By Will Pearce, Nick Landers, and David A. Wheeler
In part 1 we discussed the Artificial Intelligence Cyber Challenge (AIxCC), a two-year competition to create AI systems that find software vulnerabilities and develop fixes to them. We also discussed a specific vulnerability in the Linux kernel, called needle, as an example of the kind of vulnerability we’d like such tools to find and fix. In part 1 we discussed how such tools might be able to find vulnerabilities. Now let’s talk a little bit about how they might fix them. Real competitors in AIxCC might do things differently; this article simply helps us understand what they’re trying to do.

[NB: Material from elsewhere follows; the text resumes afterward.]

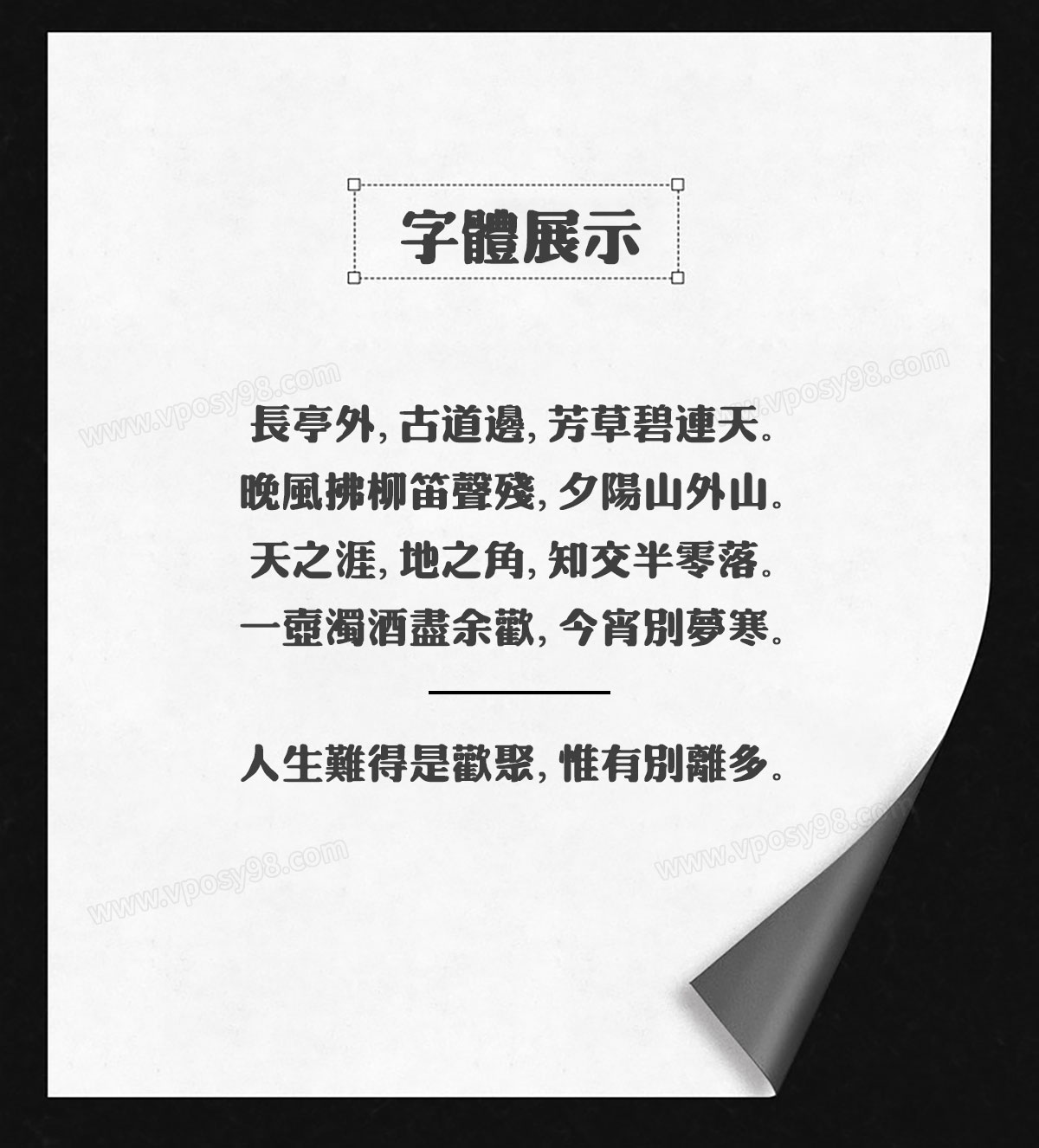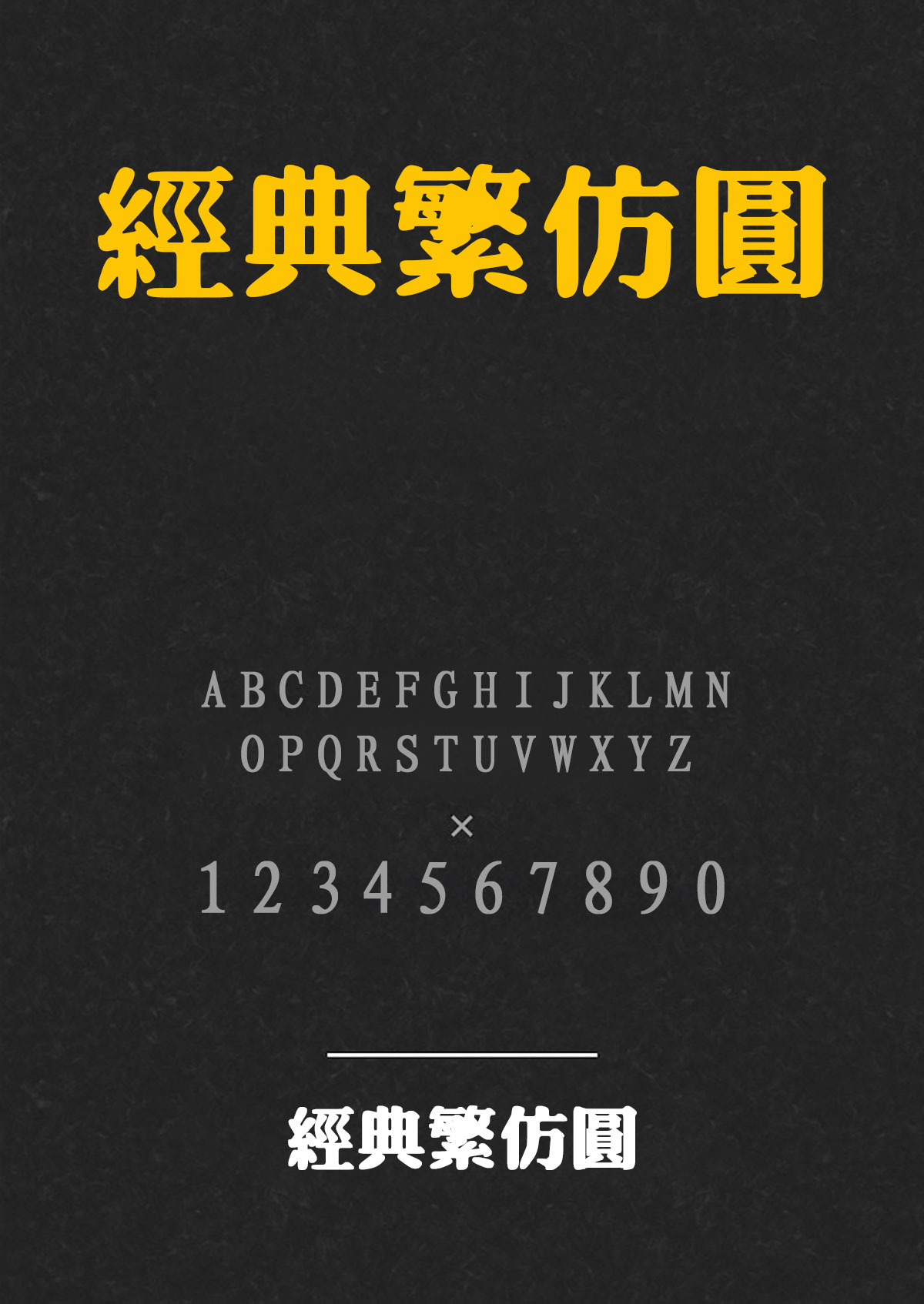 经典繁仿圆是一款以圆体字的特色打造的经典字体中的仿宋体,这款仿宋体看起来更加的圆润,给人赏心悦目的感觉。仿宋体是一种采用宋体结构、楷书笔画的较为清秀挺拔的字体,笔画横竖粗细均匀,常用于排印副标题、诗词短文、批注、引文等,在一些读物中也用来排印正文部分。而仿圆体中拥有仿宋字体的所有特色,而且字体更为圆润,看起来更为舒适!

How might AIxCC competitors fix the vulnerability?
Finding a vulnerability is neat, but as we just noted, the subsequent fix is the end goal of this competition. In this instance, we have information from the original report regarding the fix in the real Linux kernel in commit 696e1a48b1a1, which fixes the calculation by changing a “+” to “-”:
—
if (offset + len > VLAN_ETH_HLEN + vlan_hlen)
– ethlen -= offset + len – VLAN_ETH_HLEN + vlan_hlen;
+ ethlen -= offset + len – VLAN_ETH_HLEN – vlan_hlen;
—
This offers us a great opportunity to not only see whether models would suggest a correct fix for the issue, but whether they might provide an “efficient” variant or “robust” of that fix. We can opt to either:
- Use the original vulnerability reported description which is thorough, human-authored, and covers explicit details about exploitation, or
- Leverage the model’s own outputs from the earlier discovery step as the reference description. While we didn’t ask for a description specifically, models tend to discuss the content in front of them while building structured outputs. We can either go back to models to formalize, or simply use the longest output from each model which assumes it provided the most commentary on the function.
We’ll again take a simple (potentially naive) approach for creating a fix to a vulnerability, in this case, by creating a simplistic conversation template. A more sophisticated approach might use a more sophisticated template, but instead, here is the simple conversation template we’ll use:
—
[system]: You are a senior Linux developer who specializes in code security.
[user]: Rewrite the source code to fix the vulnerability described.
<vulnerable-function>
…
</vulnerable-function>
<vulnerability-description>
…
</vulnerability-description>
Produce the following output:
<fixed-function></fixed-function>
—
Measuring the “success” of these code updates is its own challenge. Ideally we would deliver code updates into a build system to perform functional and security tests. During the competition, competitors will have any code changes confirmed for both fixing the vulnerability and maintaining functionality.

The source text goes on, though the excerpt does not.